▸ THE TASK:
From the listing below, output the lines between the one with "We provide our" and the one with "M1268 BT - Autoradio", including those two, and nothing else. Pictures are not copied.

▸ INFORMATION PROVIDED:
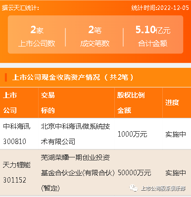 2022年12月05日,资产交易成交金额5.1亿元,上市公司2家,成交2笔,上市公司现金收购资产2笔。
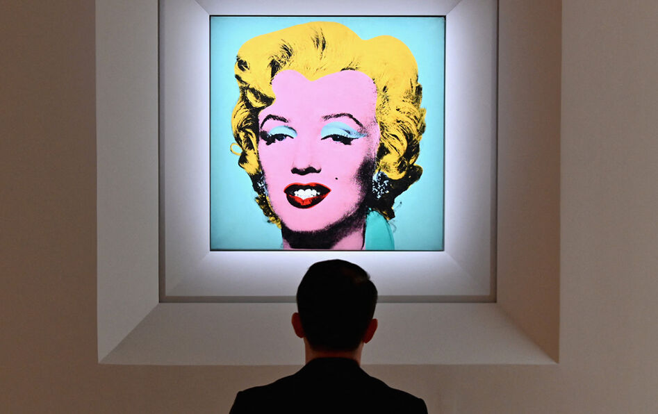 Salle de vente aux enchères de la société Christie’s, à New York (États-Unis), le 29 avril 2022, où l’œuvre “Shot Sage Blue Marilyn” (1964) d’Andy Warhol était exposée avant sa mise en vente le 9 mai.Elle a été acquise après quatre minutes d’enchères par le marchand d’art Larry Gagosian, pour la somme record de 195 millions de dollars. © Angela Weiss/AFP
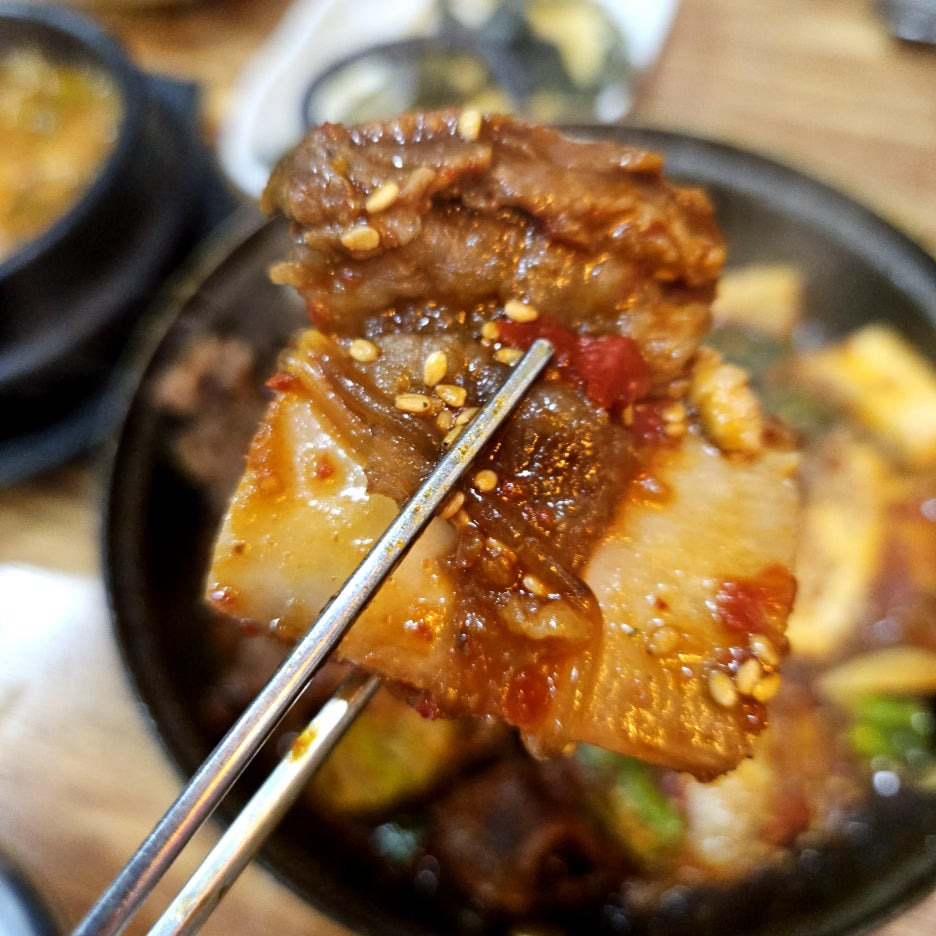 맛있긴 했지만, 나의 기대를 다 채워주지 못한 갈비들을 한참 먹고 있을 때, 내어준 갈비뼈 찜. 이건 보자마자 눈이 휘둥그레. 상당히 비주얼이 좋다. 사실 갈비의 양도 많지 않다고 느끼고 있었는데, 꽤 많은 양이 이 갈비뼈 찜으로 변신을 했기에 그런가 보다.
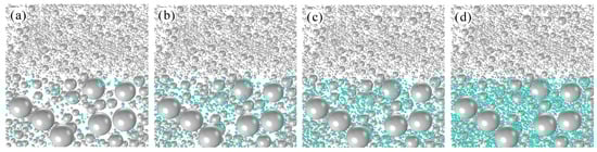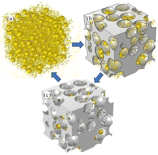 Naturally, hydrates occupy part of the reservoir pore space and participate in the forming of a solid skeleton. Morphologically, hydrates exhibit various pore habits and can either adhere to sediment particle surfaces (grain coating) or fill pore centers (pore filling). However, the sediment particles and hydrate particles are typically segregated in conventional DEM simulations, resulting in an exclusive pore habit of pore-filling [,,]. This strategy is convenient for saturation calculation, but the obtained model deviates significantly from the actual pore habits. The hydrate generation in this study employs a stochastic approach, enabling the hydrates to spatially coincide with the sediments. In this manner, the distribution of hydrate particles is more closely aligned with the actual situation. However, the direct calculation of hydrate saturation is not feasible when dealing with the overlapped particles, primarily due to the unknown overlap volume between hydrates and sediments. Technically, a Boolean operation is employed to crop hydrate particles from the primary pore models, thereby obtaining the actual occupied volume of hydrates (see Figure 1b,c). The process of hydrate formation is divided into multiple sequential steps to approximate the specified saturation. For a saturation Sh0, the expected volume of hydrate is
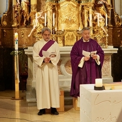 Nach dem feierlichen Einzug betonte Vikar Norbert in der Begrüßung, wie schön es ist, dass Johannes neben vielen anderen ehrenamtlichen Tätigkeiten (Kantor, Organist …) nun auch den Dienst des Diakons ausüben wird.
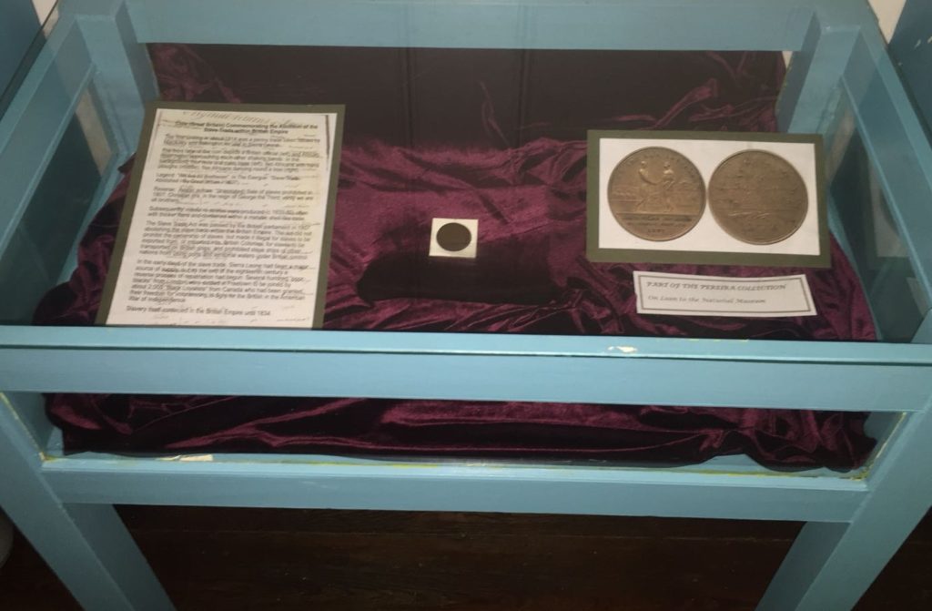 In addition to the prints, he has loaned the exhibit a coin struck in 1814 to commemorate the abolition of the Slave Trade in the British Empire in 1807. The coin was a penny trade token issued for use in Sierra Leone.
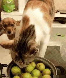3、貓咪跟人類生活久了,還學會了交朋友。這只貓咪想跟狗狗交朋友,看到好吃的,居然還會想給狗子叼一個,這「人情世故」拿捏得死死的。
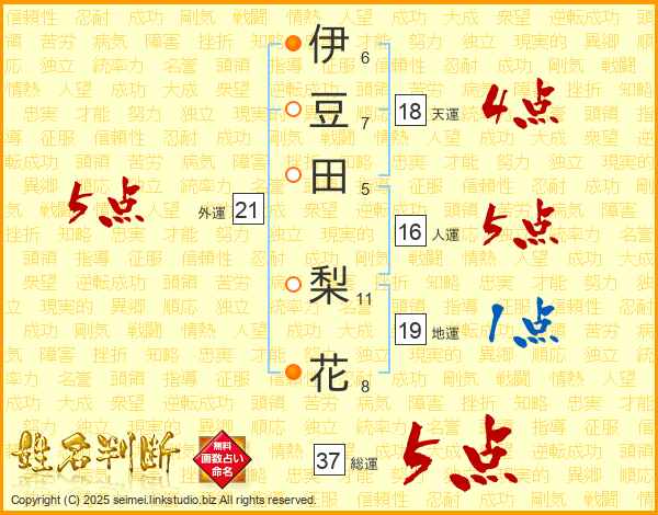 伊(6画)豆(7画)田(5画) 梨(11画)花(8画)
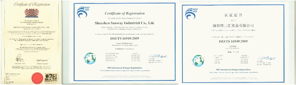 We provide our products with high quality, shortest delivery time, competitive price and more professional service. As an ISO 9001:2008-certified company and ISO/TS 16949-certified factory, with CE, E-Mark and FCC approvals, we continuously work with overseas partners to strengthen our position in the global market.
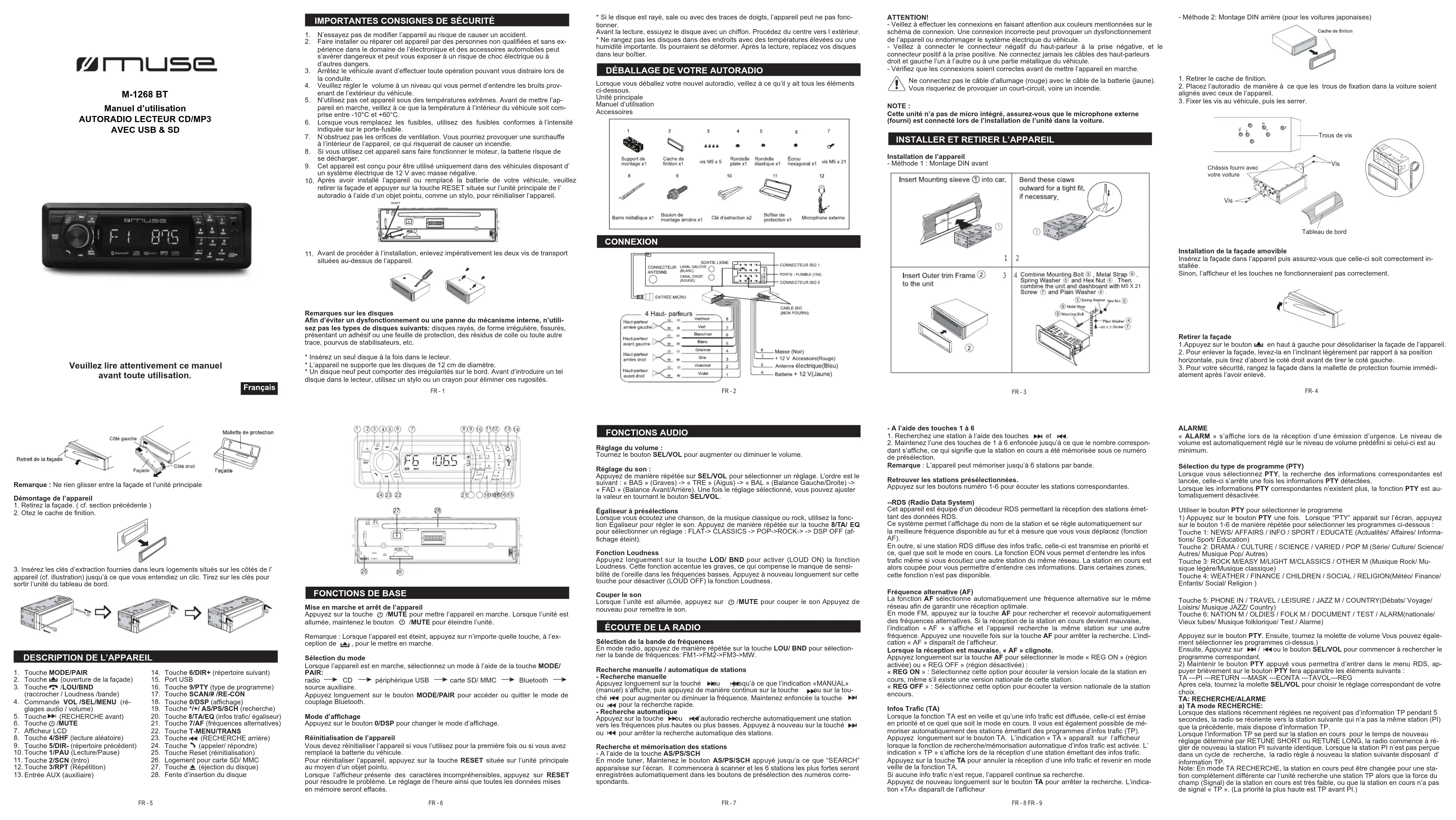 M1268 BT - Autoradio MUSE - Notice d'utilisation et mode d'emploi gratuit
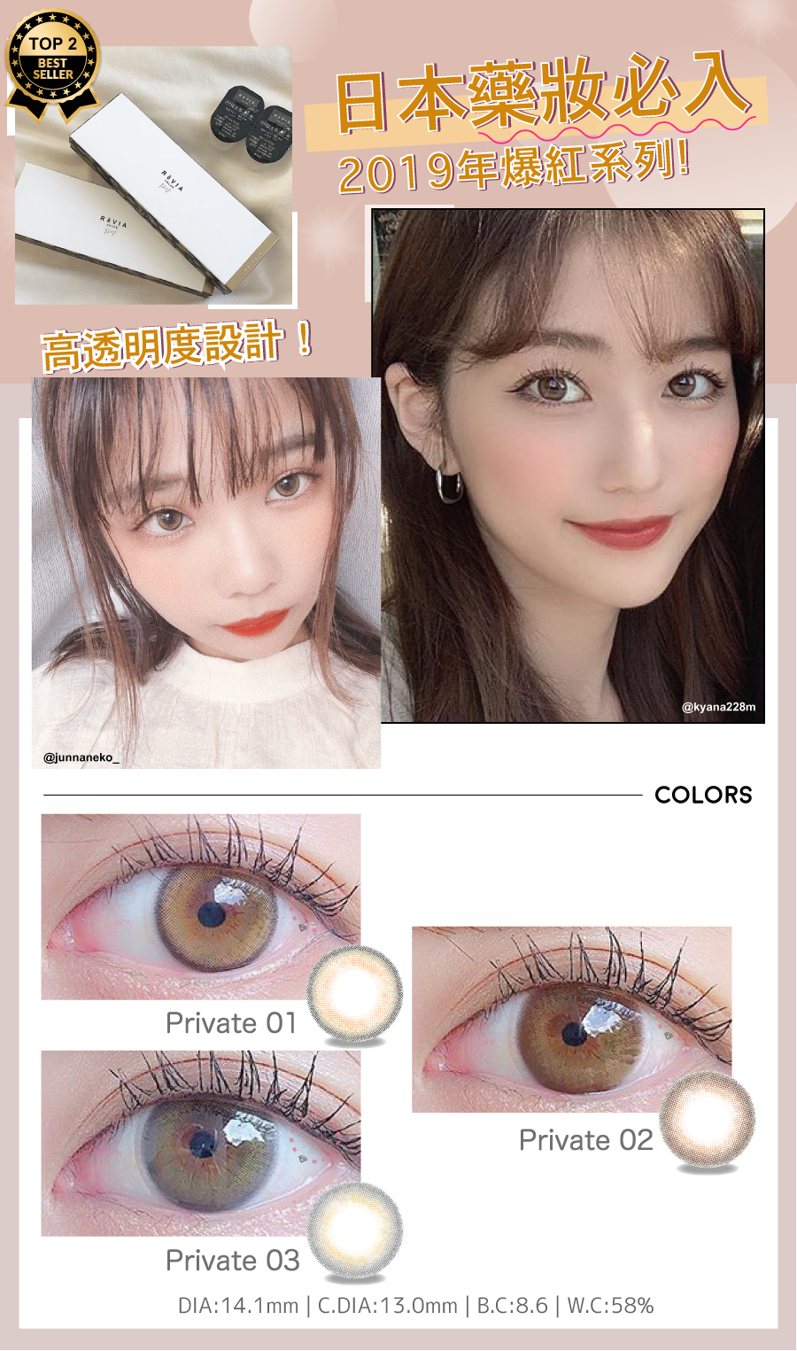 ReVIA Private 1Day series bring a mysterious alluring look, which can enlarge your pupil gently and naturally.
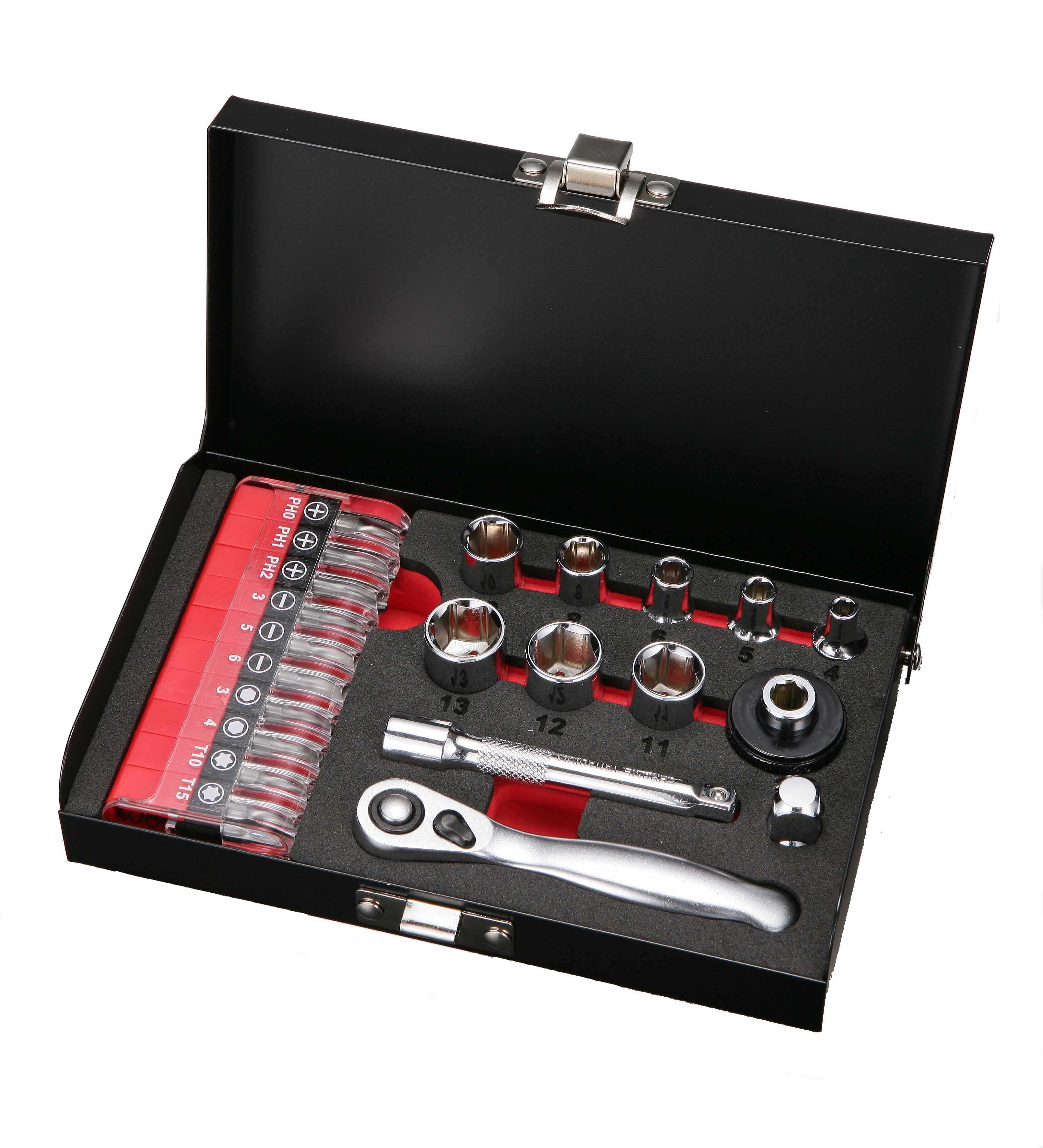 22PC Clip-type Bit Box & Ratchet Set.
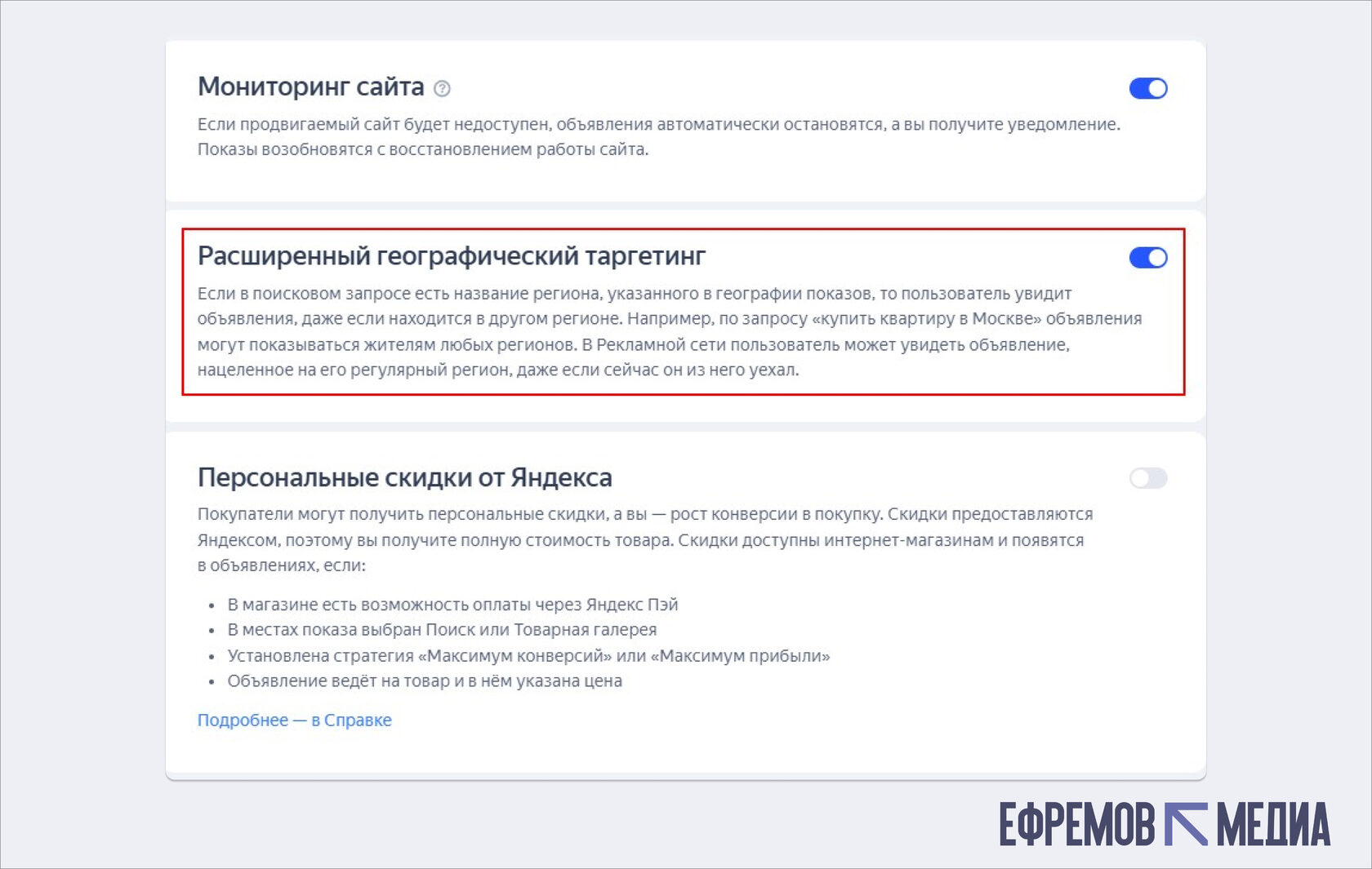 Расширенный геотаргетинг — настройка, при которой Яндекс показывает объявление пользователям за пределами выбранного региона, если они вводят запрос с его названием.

▸ EXERCISE ANSWER:
 We provide our products with high quality, shortest delivery time, competitive price and more professional service. As an ISO 9001:2008-certified company and ISO/TS 16949-certified factory, with CE, E-Mark and FCC approvals, we continuously work with overseas partners to strengthen our position in the global market.
 M1268 BT - Autoradio MUSE - Notice d'utilisation et mode d'emploi gratuit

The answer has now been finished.